Already this year, a school counselor took a student who was “acting tough” and getting into fights to visit a man at a hospital who’d been wounded by gunfire to show him what might happen if his behavior escalated, Sands Hall said.
“The majority of what we’re dealing with are kids getting into what we call low-hanging fruit types of acts,” she said. “But they are gateway types of acts, and we need to respond to them.”
To comply with juvenile justice reforms the state passed in 2016, Atlanta’s agreement also more clearly outlines the role of school resource officers.
What Role Should Police Play?
To be sure, changes in school safety and discipline plans like Atlanta is embarking on aren’t always smooth.

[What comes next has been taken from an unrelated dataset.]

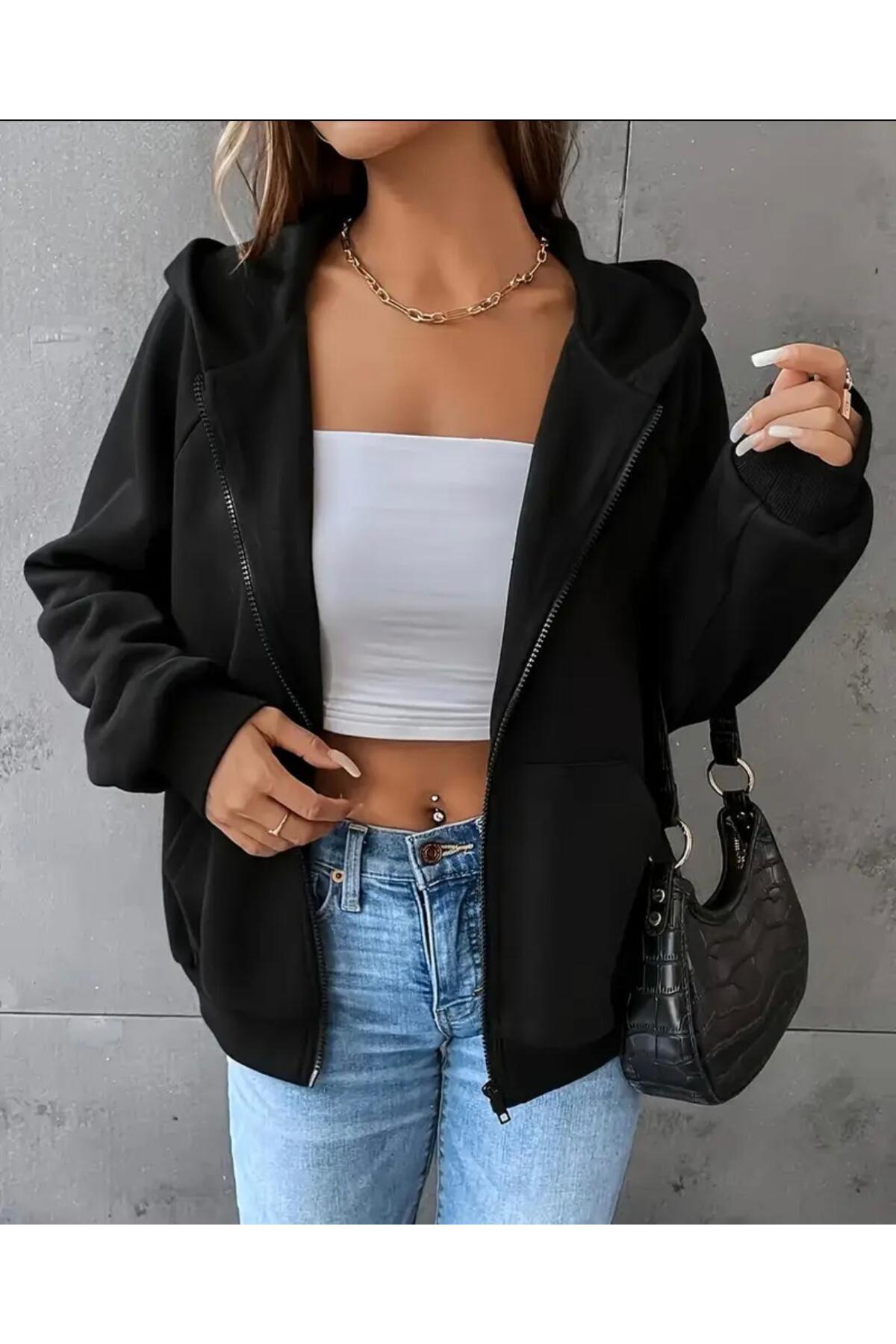Kadın Basic 3 iplik Kanguru Cepli Organik Pamuk Fermuarlı Kapüşonlu Siyah Sweatshirt Kadın Basic 3 iplik Kanguru Cepli Organik Pamuk Fermuarlı Kapüşonlu Siyah Sweatshirt 00004 2XL

In some districts that have sought to introduce discipline alternatives, such as Los Angeles Unified, teachers and teachers’ unions have complained that school leaders eliminated their ability to suspend students without committing enough resources to training them in new methods, such as restorative practices. The results, they say, have been chaotic learning environments in some schools. Some teachers in other areas have also expressed safety concerns after districts changed discipline approaches.
Verdaillia Turner, the president of the Atlanta Federation of Teachers, said the district’s teachers are wary of programs and initiatives that have come and gone quickly in recent years.
“Children learn in spite of it,” said Turner, who said she favors focusing money on community schools and student supports to address issues related to student poverty. That’s a departure from the positions of some local teachers’ unions in other areas, which have favored police presence in schools.
Like Turner, many national civil rights groups agree that school police should be restricted even more than they are in Atlanta. They argue for limitations even on casual interactions with students and keeping police out of common areas like cafeterias unless they are called to respond. Some favor removing police from schools entirely and spending the money instead on personnel like school counselors and social workers.
David Payne, a civil rights advocate and director of the Atlanta Community Engagement Team, said he understands the desire to keep police in Atlanta’s schools, but he hopes that school climate work and improved relationships between students and adults will reduce the need for a law enforcement presence in the future.
Neighborhood and parent groups plan to monitor school discipline data as the district carries out its plans, he said.
Officer Kimberly Chamblee works at Sylvan Hills Middle School. She says it’s important for her to “know all of the kids, not just the ones who have issues.”
Sylvan Hills has a social-emotional learning period built into its schedule every day, and it uses peer mediation groups to address some student behavioral issues. Chamblee quickly adopted the approach by asking students about the cause of their behavior at the moment she intervenes.
Once, the officer asked a girl to throw away a bag of hot fries before she entered the building—a routine practice because junk food isn’t allowed. When the girl resisted, Chamblee pulled the student aside to a private room, where she told the officer that her family shares a house with others, and children were stealing her food at night.
Chamblee took the girl to school staff, who ensured that she had food to take home.
“Everything doesn’t have to be ‘you’re going to jail,’ ” Chamblee said.